Ce qui est reproché à la filière, ce sont d’abord les effets environnementaux liés à l’élevage intensif. Pour produire le comté, on utilise exclusivement le lait des vaches Montbéliardes, élevées dans la région. Ces vaches produisent des déjections riches en azote, qui peuvent polluer les sols et les rivières, notamment en favorisant la prolifération d’algues toxiques et l’eutrophisation.
Pour les militants comme Rigaux, cette pollution serait suffisante pour mettre un terme à la production du comté. Il accuse également les pratiques d’élevage, comme l’insémination artificielle, l’abattage des veaux mâles, ou encore la mise à mort des vaches en fin de carrière, d’être moralement inacceptables.
Une réponse enflammée du monde rural
Face à ces accusations, les réactions ont été vives. Du côté du Jura et du Doubs, les élus locaux, producteurs et citoyens ont défendu bec et ongles ce symbole gastronomique. Pour eux, le comté représente bien plus qu’un simple fromage : c’est un pilier de l’identité locale, une source de fierté culturelle, et surtout un moteur économique pour les zones rurales.
Matthieu Bloch, député du Doubs, dénonce une attaque idéologique : « Interdire le comté, c’est nier notre culture et saboter nos campagnes. » Géraldine Grangier, députée RN, s’insurge elle aussi contre ce qu’elle qualifie de diktat urbain déconnecté des réalités rurales : « Nos Montbéliardes ne sont pas des criminelles. Elles font partie de notre histoire. »
Un patrimoine culinaire en danger ?
Avec plus de 60 000 tonnes produites chaque année, le comté est l’un des fromages les plus consommés en France. C’est aussi une Appellation d’Origine Protégée (AOP), ce qui signifie que son élaboration suit un cahier des charges strict en termes de qualité, de traçabilité et de respect des savoir-faire. Contrairement aux productions intensives pointées du doigt, la filière comté s’appuie majoritairement sur des petites exploitations familiales, souvent engagées dans une agriculture durable.
Pour les défenseurs du fromage, le combat de Pierre Rigaux est simpliste et injuste. Ils estiment que démoniser un produit local au nom de la lutte écologique revient à passer à côté des vrais enjeux : la surconsommation mondiale, les productions industrielles sans éthique, et l’importation de produits transformés bien plus polluants.

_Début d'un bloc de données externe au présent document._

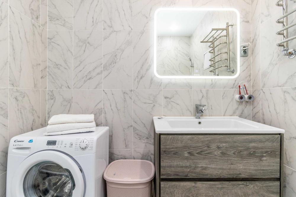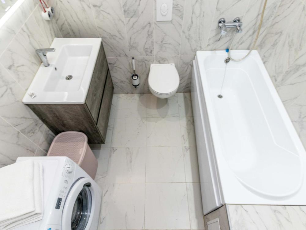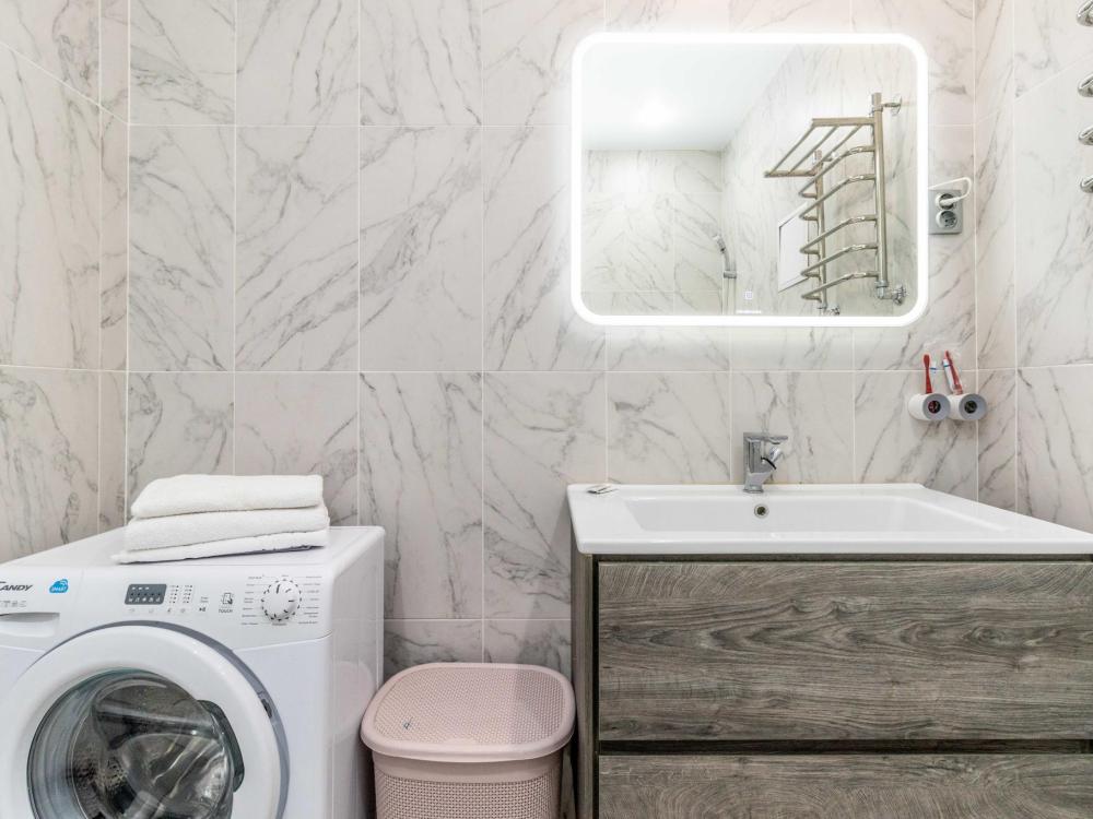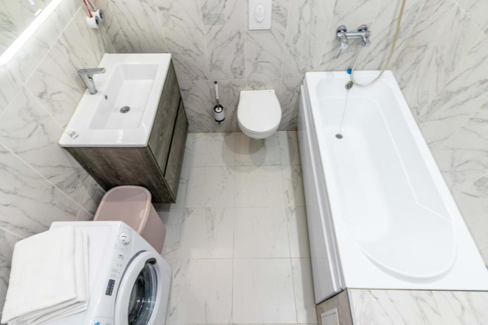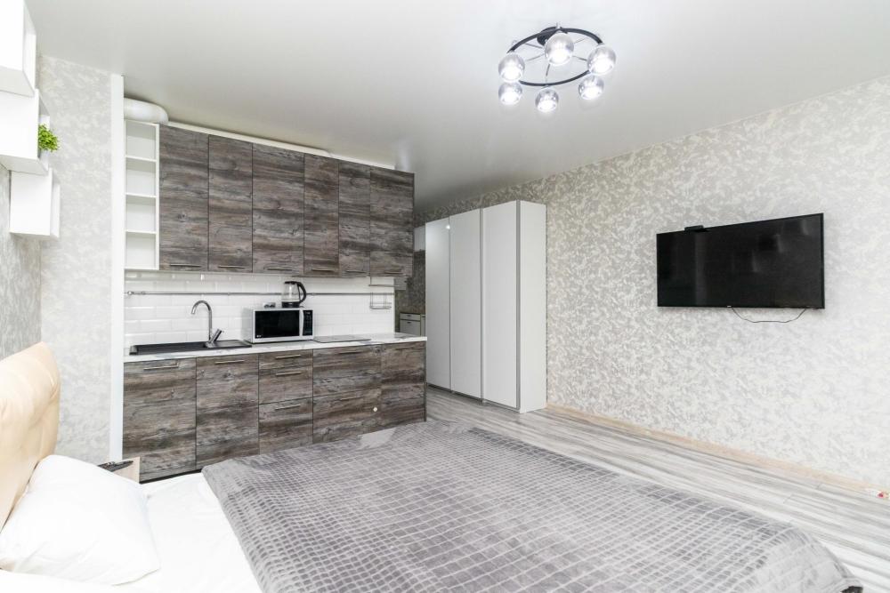 Просторные апартаменты студия с большой двуспальной кроватью. Всегда чистое постельное белье и полотенца. Кухня со всей необходимой техникой: холодильник, микроволновая печь, плита, чайник. Ванная комната с ванной и средствами личной гигиены. Телевизор, WI-FI. Стиральная машина, утюг, фен, сушилка для белья, гладильная доска.

Un débat révélateur d’une fracture idéologique
Derrière ce débat, c’est toute une vision de l’écologie qui s’affronte. D’un côté, un courant radical qui prône l’abandon total des produits d’origine animale. De l’autre, une écologie ancrée dans les territoires, qui défend un modèle agricole équilibré entre tradition, modernité et respect de l’environnement.
Certaines organisations comme L214 ou le Parti animaliste soutiennent l’appel au boycott. Leur objectif : abolir l’élevage, qu’ils jugent incompatible avec le respect du vivant. À l’opposé, des élus, des agriculteurs et des citoyens attachés à leurs terroirs voient dans cette stratégie une tentative de déconstruction culturelle, déguisée en cause environnementale.
Quand l’activisme rencontre les traditions
L’appel à interdire le comté a donné naissance à une mobilisation en ligne, avec notamment le hashtag #TouchePasAuComté qui a fleuri sur les réseaux. Internautes, élus et institutions ont partagé des messages de soutien à la filière, rappelant les bienfaits nutritionnels du fromage, son importance dans l’économie locale et la passion de ceux qui le produisent.
Le préfet du Jura a lui-même pris la parole, déclarant : « Le comté, c’est du Jura, du goût, du calcium, des protéines… et zéro culpabilité. » Un message clair pour rétablir la vérité sur un produit souvent caricaturé.